Understanding NVIDIA vGPU Time-Slicing Policies: Best Effort vs Equal Share vs Fixed Share

13

GPUs are often the priciest components in today’s server infrastructure especially when powering AI, machine learning, or demanding graphics workloads. Because of this, it’s essential to maximise their usage to get the best return on your investment.

Often, a single workload doesn’t fully utilise the capacity of a physical GPU (pGPU). Instead of letting that valuable compute power go to waste, NVIDIA vGPU technology allows you to split one pGPU across multiple virtual machines (VMs), improving consolidation, boosting efficiency, and reducing costs.

However, when sharing a GPU, how you partition and schedule access between virtual GPUs (vGPUs) directly impacts performance, user experience, and workload fairness.

In this blog post, we’ll explore NVIDIA’s Time-Slicing approach—one of two native GPU partitioning methods —with a deep dive into the three supported Scheduling Policies and how time-slice duration can be tuned to align with specific workload characteristics.

NVIDIA vGPU: Time-Slicing vs MIG

NVIDIA offers two native methods for partitioning a GPU:

  • Time-Slicing (software-based)
  • Multi-Instance GPU (MIG) (hardware-based)

This post will focus on Time-Slicing, how it works, and the different scheduling policies available.

What is Time-Slicing?

Time-slicing is a software-based technique that allows GPU compute resources to be shared across multiple virtual GPUs (vGPUs). With time-slicing, a physical GPU can only execute one vGPU task at a time. The GPU scheduler assigns each vGPU a slice of time in which it can execute, with other vGPUs waiting in a queue for their turn.

This sequential processing means that performance can vary depending on how time slices are allocated and how busy each vGPU is.

Time-Slicing Scheduling Policies in NVIDIA vGPU

NVIDIA vGPU offers three Time-Slicing Scheduling Policies that determine how GPU compute resources are shared among virtual GPUs (vGPUs) on a physical GPU (pGPU). Understanding these policies is crucial for ensuring performance, fairness, and efficient utilisation in virtualised GPU environments.

The three scheduling policies are:

  • Best Effort (default)
  • Equal Share
  • Fixed Share

Each policy is detailed below.

Best Effort

Best Effort is the default scheduling policy and uses a round-robin approach to distribute pGPU resources based on real-time demand.

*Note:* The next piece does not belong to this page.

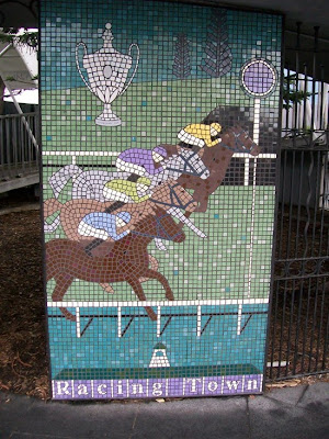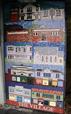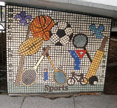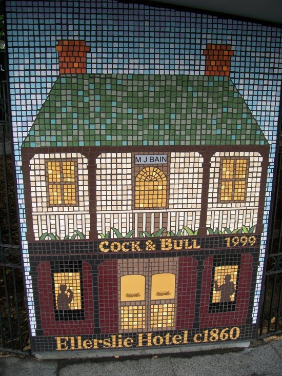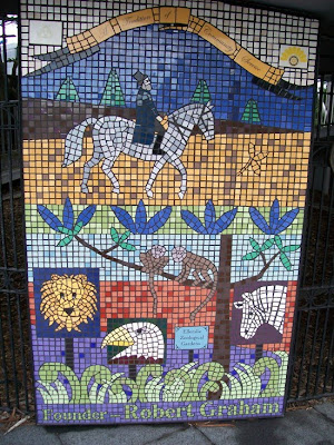 A tribute to Robert Graham's Ellerslie Gardens. They weren't a zoological gardens at all, despite what's on the mosaic -- just a sports ground and walking areas with a small menagerie of a couple of cages. So, here's an urban legend, enshrined in tiles.

It aims to maximise GPU utilisation by allowing vGPUs to consume any available compute cycles when others are idle.

However, this policy can suffer from the “noisy neighbour” problem, where a single vGPU may dominate GPU resources, leading to performance degradation for other workloads.

Key Characteristics:

  • No fixed GPU allocation per vGPU
  • vGPUs can consume from 0% up to 100% of the pGPU based on availability
  • Ideal for environments where maximum GPU utilisation is the priority

Illustration:

The diagram below illustrates that none of the virtual machines vGPUs have fixed GPU allocations, allowing each vGPU to consume anywhere from 0% to 100% of the pGPU’s compute capacity, depending on real-time demand.

nvidia vgpu best effort two vms

This behaviour remains unchanged even when an additional VMs or vGPUs are assigned to the pGPU.

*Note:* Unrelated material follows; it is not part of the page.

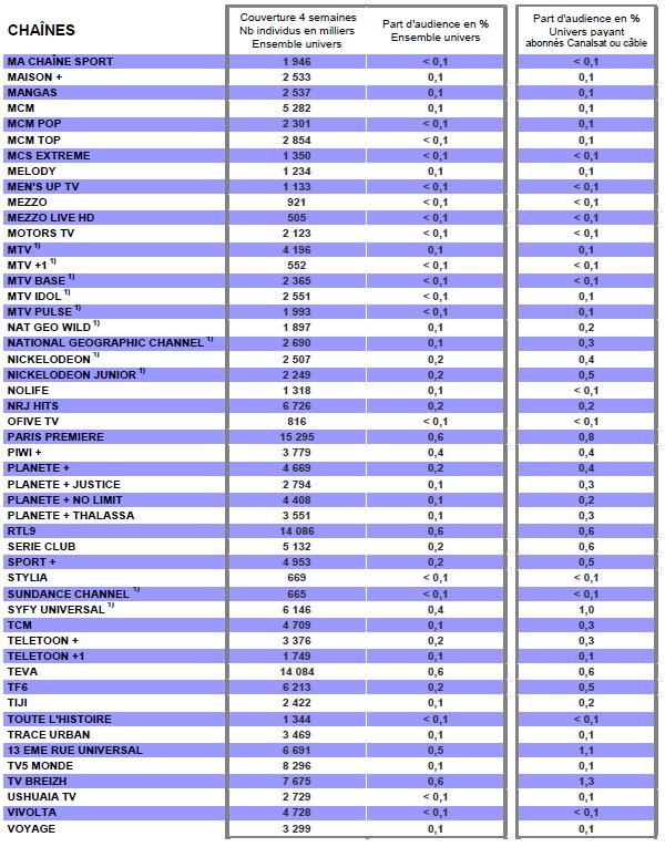 En queue de peloton avec moins de 0.1% de part d’audience on retrouve parmi beaucoup d’autres : Vivolta, , Toute L’Histoire, MTV Pulse, Motors TV, Mezzo, Ma Chaîne Sport , Mcm Pop, Stylia et Escales qui restent à la même place ainsi qu’ Ushuaia TV et Ma Chaîne Sport qui ont régressées.

The diagram below illustrates a scenario in which the physical GPU is fully utilised; however, the distribution of compute resources between vGPUs and their respective virtual machines is unbalanced.

Equal Share

Equal Share ensures fairness by dividing GPU compute resources equally among all active vGPUs on a pGPU. As new vGPUs are added or removed, the system recalculates allocations to maintain equal distribution.

While this method avoids resource starvation and the “noisy neighbour” issue, performance can vary depending on the number of active vGPUs, as each receives a smaller share with increased utilisation.

Key Characteristics:

  • Even distribution of compute time across vGPUs
  • Dynamically adjusts as vGPUs are added or removed
  • May lead to underutilisation if some vGPUs are idle or lightly loaded

Illustration:

The diagram below illustrates how each virtual machines vGPUs receives an equal allocation of the pGPU’s compute capacity. When two VM/vGPUs are active, each is assigned 50% of the pGPU’s resources.

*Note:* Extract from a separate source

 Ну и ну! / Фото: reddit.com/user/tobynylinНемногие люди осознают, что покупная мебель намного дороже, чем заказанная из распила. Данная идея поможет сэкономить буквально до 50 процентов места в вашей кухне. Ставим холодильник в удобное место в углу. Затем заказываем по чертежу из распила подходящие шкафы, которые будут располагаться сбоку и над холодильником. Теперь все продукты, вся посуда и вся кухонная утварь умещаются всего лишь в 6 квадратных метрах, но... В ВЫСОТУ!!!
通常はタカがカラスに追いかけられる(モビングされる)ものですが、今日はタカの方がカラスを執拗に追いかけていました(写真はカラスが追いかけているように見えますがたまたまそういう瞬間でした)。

Upon the assignment of a third VM/vGPU to the same pGPU, the allocation is automatically recalculated, resulting in 33% of compute capacity being allocated to each vGPU.

nvidia vgpu equal share three vms

The diagram below illustrates a scenario in which compute resources are allocated equally among the active vGPUs assigned to the pGPU. If a virtual machine does not fully utilise its vGPU allocation, due to inactivity or low demand, idle time is introduced on the pGPU, resulting in underutilisation. However, this scheduling policy avoids the “noisy neighbour” effect, as all vGPUs are guaranteed an equal share of pGPU compute resources regardless of workload intensity.

Fixed Share

Fixed Share allocates GPU resources based on the vRAM size of the first vGPU profile assigned to a pGPU. The compute resources are divided into fixed slices, based on the max number of those profiles that will fit on the pGPU, each corresponding to the proportion of total vRAM allocated by the vGPU profile.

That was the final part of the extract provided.